Reputation: 5771
I'm having performance problem with Entity Framework while using generic methods for data aggregation. When querying max value of (indexed) Id column of table with few hundred thousands of rows using generic methods I'm getting huge performance drop. I'm using code-generated int keys instead of sql identities, this code is used to get next new Id.
Here's sample illustration.

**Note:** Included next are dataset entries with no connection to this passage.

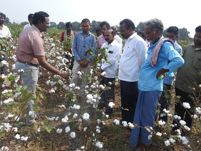 HDPS cotton field demonstration and awareness programme was organized at ARS-DAATTC, Mudhole on 15.12.2022. Dr. G. Veeranna, Principal Scientist (Agro) and Head, ARS-DAATTC, Mudhole explained about HDPS cotton to farmers and enlightened the importance of HDPS cotton in present scenario and provided suggestions to problems expressed by farmers. Later, Dr. K. Vijay Kumar, Scientist (GPBR) explained about different cotton varieties developed by ARS, Mudhole. Dr. D. Karthik, Scientist (ToT), DAATTC, Mudhole, Sri. A. Bhaskar, MAO, Mudhole, Sri. Praveen, AEO (Mudhole) and 18 farmers attended the programme.
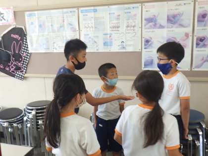 昼放課にフレンド班で集まり、いぼリンピックの準備会を行いました。
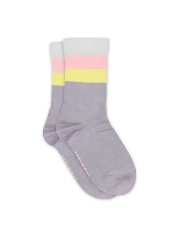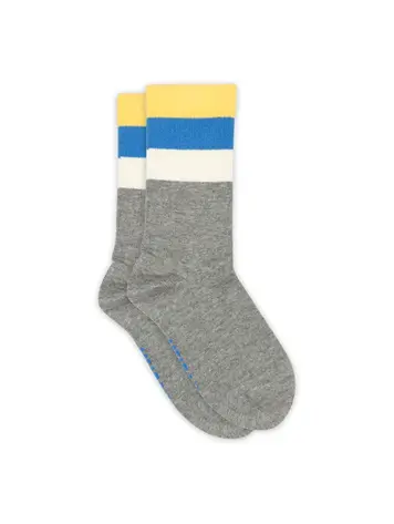 Kous grijs met wit, geel en blauwe streep
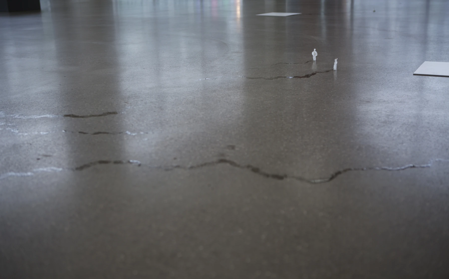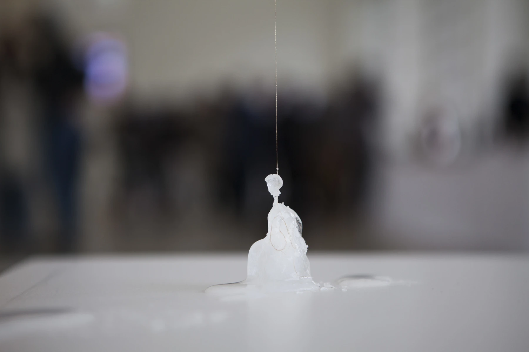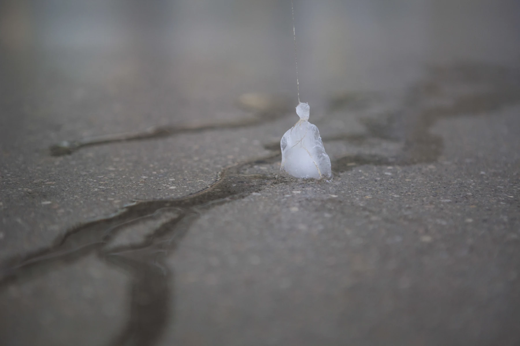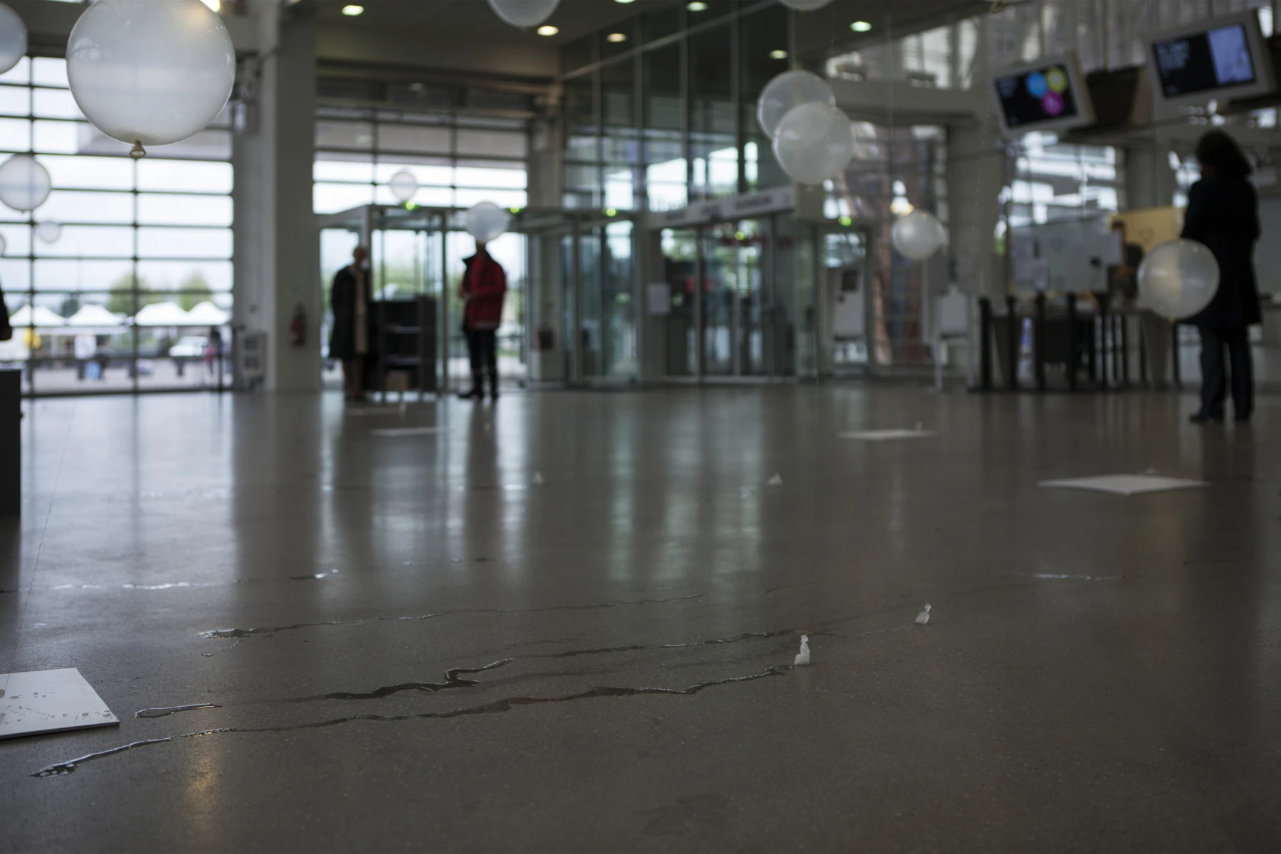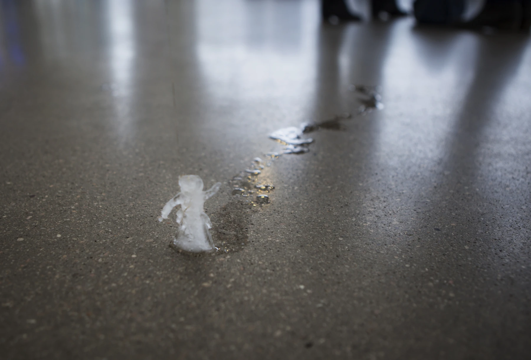 Mit Helium gefüllte Luftballons schweben verteilt im Raum. Von kleinen Figuren, die mit einer Schnur an ihnen befestigt sind, werden sie zunächst am Boden gehalten. Es sind aus Eis nachmodellierte Spielzeug-Figuren aus der ehemaligen DDR: kleine NVA-Soldaten, Cowboys und Indianer. Je mehr sie zu schmelzen beginnen und ihre Wasserspuren auf dem Boden hinterlassen, umso mehr verlieren sie auch an Gewicht, bis die Ballons nach und nach in die Höhe steigen.
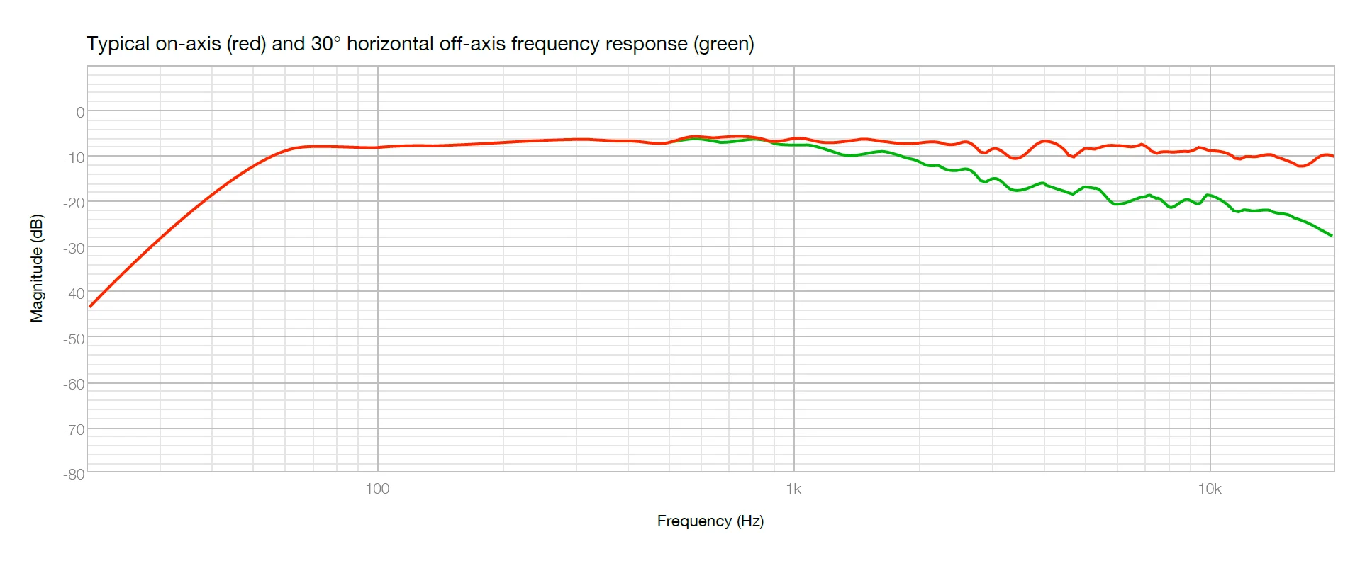แผนภาพด้านล่างแสดงการตอบสนองความถี่ของลำโพงทั่วไปที่วัดได้โดยการวางไมโครโฟนไว้ด้านหน้าโดยตรง (เส้นโค้งสีแดง) และด้านข้าง (เส้นโค้งสีเขียว) เส้นโค้งสีเขียวแสดงให้เห็นว่าเอาต์พุตของลำโพงลดลงเมื่อความถี่เพิ่มขึ้น
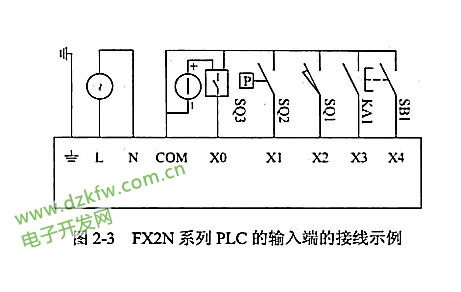 ▲ FX2N 系列 PLC 的輸入端的接線示例:可見輸入端電源的負(fù)極與 COM 公共端短接。
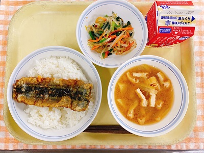 牛乳 ごはん さんまの姿煮 小松菜の和え物 みそ汁
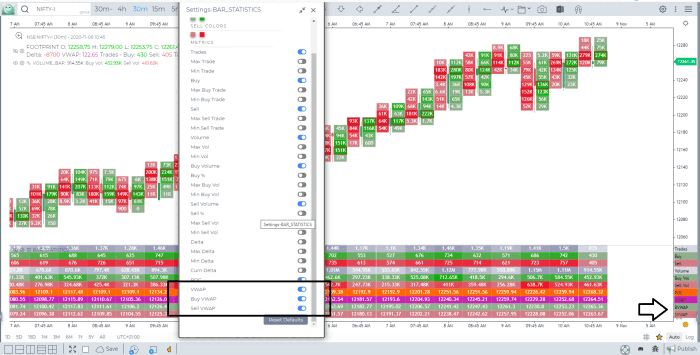 BVWAP stands for Buy VWAP and SVWAP stands for Sell VWAP. These are important metrics that measure polarity between buyers and sellers within a candle.
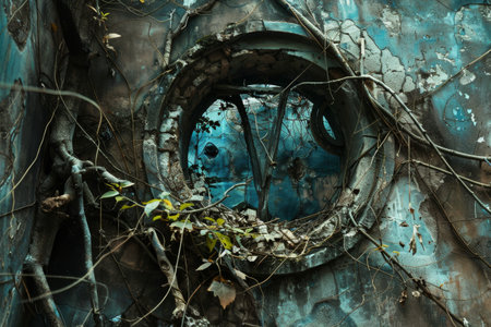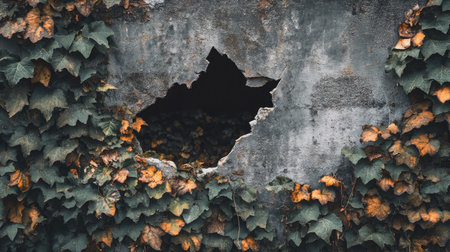A decayed grey wall featuring a massive irregular hole, overgrown plants spilling through, creating a contrast of urban decay and nature

MaxTyped
uses Max
on db.Posts
(which is DbSet<Post>
), while MaxGeneric
uses generic method max
to do the same.
static int MaxTyped()
{
using (var db = new BloggingContext())
{
return db.Posts.Max(p => p.PostId);
}
}
static int MaxGeneric()
{
using (var db = new BloggingContext())
{
return max(db.Posts, p => p.PostId);
}
}
static int max<T>(DbSet<T> set, Func<T, int> func) where T : class
{
// intellisense says its IEnumerable.Max
return set.Max(func);
}
On my not so old home desktop with quite fast hdd, MaxTyped
on 100k rows runs in 0.5s, while MaxGeneric
around 6.5s. This is one order of magnitude slower.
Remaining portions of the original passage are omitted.